31 janvier 2010
Mon père ce héros
Un portrait de Fernando Arrabal à l'occasion du Festival d'Avignon 1990. L'été de mes 11 ans. Mon père jouait "La charge des centaures" avec Philippe Bouclet, sous un chapiteau à l'île de Piot, partagé avec une troupe toulousaine qui montait un énergique "Cimetière des voitures". Papa avait loué un appartement dans Avignon, je dormais dans la petite chambre du fond, à côté de l'étendoir où séchaient les costumes. Je me souviens de cette odeur de sueur masculine qu'exhalait la pièce. J'étais la seule à ne partager ma chambre avec personne. Les autres pièces étaient pleines de matelas et de canapés où les élèves du théâtre se relayaient pour 2-3 jours. L'île de Piot était un désert venteux et chaud. Le soir nous regagnions la ville avec bonheur. On allait au Chien qui fume, voir Bouclet jouer son autre spectacle "Vieille canaille" avec Jacques Frantz. On mangeait au pakistanais de la Place de l'horloge. On traînait dans la rue des teinturiers. Un après-midi, à l'abri du bruit et du soleil, dans ma chambre j'avais lu "Les fourberies de Scapin", et j'avais trouvé ça pas si mal. Bon évidemment, pas aussi bien qu'Arrabal... Et puis un soir, on était allé voir "Quartet", de Heiner Müller, dans un parc, sous un pavillon. J'avais beaucoup aimé l'histoire. Le lendemain Papa m'avait offert une très belle édition des Liaisons Dangereuses. En voyant mon père sur ces quelques images de France 3, je le trouve jeune et beau comme un hippie, avec son costume de scène, allongé dans le sable. Et son sourire triste, mais pas blasé, quand il avoue que non, Arrabal ne fait pas recette. Ce que les autres n'osent pas dire, parce que c'est infâmant, pour un artiste. Il y a quelque chose d'essentiel dans ce sourire-là. Quelque chose que je me garde précieusement pour les jours de neige.
28 janvier 2010
Un jour rêvé pour le poisson-banane
Jamais lu The Catcher in the Rye, mais les nouvelles de Salinger ont toujours été les meilleures du monde dans ma poche, modèles d'économie, de trouble, d'ambiguité. Ma préférée s'intitule Jolie ma bouche et verts mes yeux. C'est une conversation téléphonique entre deux hommes dont l'un a une femme à côté de lui. L'autre attend le retour de la sienne. Il est tard dans la nuit.

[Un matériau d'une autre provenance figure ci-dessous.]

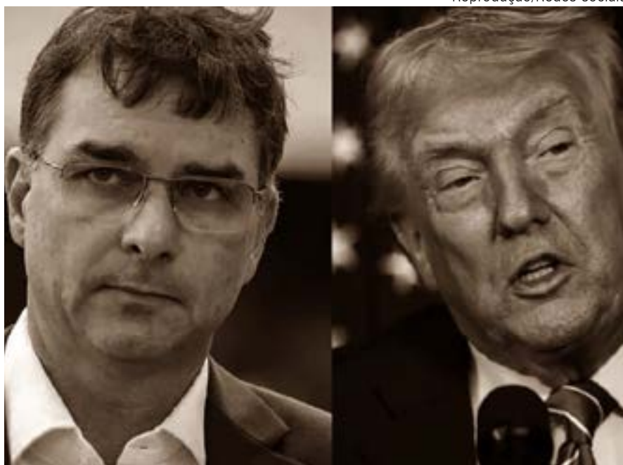
Flávio agiu como traidor da pátria, a favor de Trump, denuncia o governo brasileiro

Em março, o STF estabeleceu novo regime para disciplinar as verbas indenizatórias pagas à magistratura e ao Ministério Público.

Salinger a toujours été un fantasme : écrivain suffisamment riche et reconnu pour cesser de publier ses textes, ayant acquis le privilège absolu de seulement les écrire et les enfermer dans une malle ou un coffre fort. J'ai quelques sueurs froides à l'idée qu'on découvre après sa mort qu'il n'a plus rien écrit du tout, en fait, durant sa longue réclusion volontaire. Ou pire : qu'il a détruit toute sa production. Ou encore : seulement de la merde. Mais quelque espoir aussi, maintenant qu'on est débarrassé de l'auteur, qu'on ait enfin accès à ses textes.
18 janvier 2010
Lobbying
Parce que j'aime beaucoup David Kadouch, je vous invite à voter nombreux pour lui : il est nominé pour la "révélation soliste instrumental" aux victoires de la musique classique 2010. Je ne doute pas que les autres soient très bien, mais lui, il est encore mieux. Pour l'écouter et voter, c'est par ici.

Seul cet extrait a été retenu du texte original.